Barbeiro mais antigo de Manaus recorda a vida dedicada ao trabalho, em 65 anos de profissão

Barbeiro mais antigo de Manaus conta história de superação ao longo das últimas décadas (Ricardo Oliveira/Revista Cenarium)

Alessandra Leite – Da Revista Cenarium

MANAUS – Mais de meio século depois de tirar o primeiro alvará de funcionamento para serviços de barbearia, em 6 de abril de 1970, o barbeiro mais antigo de Manaus, Edmilson da Costa Barreiros, dono do Salão Tropical – localizado no Centro Histórico da capital amazonense – ostenta muita lucidez, disposição e vitalidade, aos 83 anos de idade, sendo 65 dedicados à profissão pela qual ele se apaixonou ainda na década de 1950.

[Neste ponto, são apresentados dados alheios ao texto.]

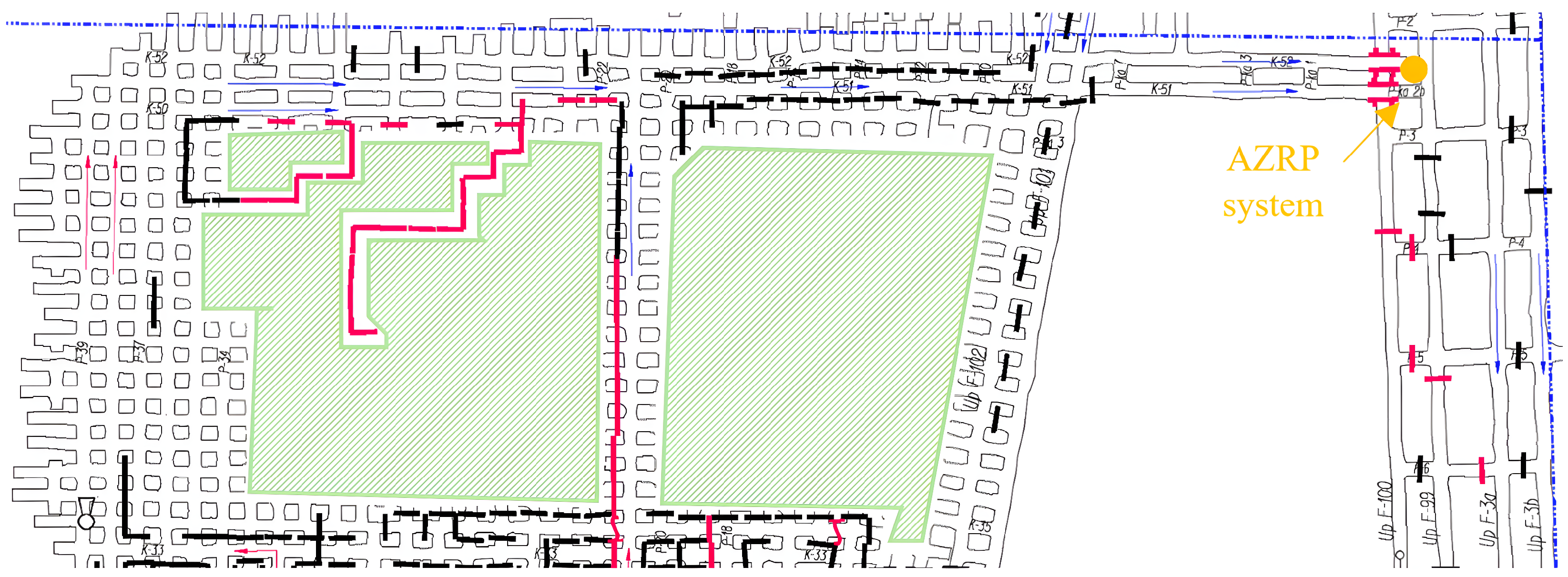 The study was conducted in a mining area where the deposit lies at depths exceeding 860 m below ground level and extends SW-NE, dipping at an angle of 2–5° N to the NE. A flexural feature occurs in the mining area, within which the local inclination of the deposit increases to 28° N, resulting from the influence of tectonic processes. The copper ore deposit is mined using a room-and-pillar system using blasting techniques. The mining process involves cutting the deposit into chambers and strips, while simultaneously establishing technological pillars with basic dimensions ranging from 5 to 15 m to 6–36 m. These pillars, positioned with their longer edges perpendicular to the front line, are designed to support the roof above the working area. Their exact dimensions are determined individually, taking into account local geological and mining conditions, to ensure they function in the post-failure strength phase [32,33,34]. Based on model analyses of the mine’s ventilation network and experience gained at the Polkowice–Sieroszowice mine, the minimum airflow rate for mining operations in the selected study area was determined to be 3000 m3/min. Based on model analyses of the mine ventilation network and experience from the Polkowice–Sieroszowice mine, the minimum air flow capacity for mining operations in the selected research area was set at 3000 m3/min. Average pillar dimensions in 2014: 7 × 8 m and 8 × 9 m in 2017. The average distance from the face to the measurement point in 2014 was 1684.75 m, and in 2017 it was 2026.30 m. The air velocity at the sensor installation site is approx. 3.12 m/s, and the cross-section of the excavation is 16 m2. The total air flow (3000 m3/s) flows in three air streams—from the face to the working areas: 1100, 1000, and 900 m3/s, respectively, with a speed in the face area of approx. 1.15 m/s. A gaseous hazard, hydrogen sulfide (H2S), was detected in the analyzed mining area, posing a significant risk to employee safety due to its toxicity. Figure 1 shows an overview map of mine workings located in the area of the mining division next to which continuous measurements of hydrogen sulfide concentration in mine air are carried out. The map includes the layout of the main workings, the directions of ventilation and the location of the measurement point where changes in the concentration of this gas are recorded.

Natural da comunidade do Supiá, no interior do município de Manacapuru (a 68 quilômetros de Manaus), o caçula de seis irmãos trabalhava com plantação de banana, juta, feijão e outros produtos da cultura rápida, até que a enchente histórica de 1953 obrigou a família a se mudar para Manaus. “Meu pai morreu quando eu tinha um ano e sete meses de vida. Então um tio juntou as duas famílias e ajudou em nossa criação. Viemos todos juntos para Manaus, empurrados pela grande enchente. Em 1956, eu me alistei no Exército e comecei a cortar o cabelo dos meus colegas soldados. Saí em 1957 já com a profissão definida”, relembra o barbeiro.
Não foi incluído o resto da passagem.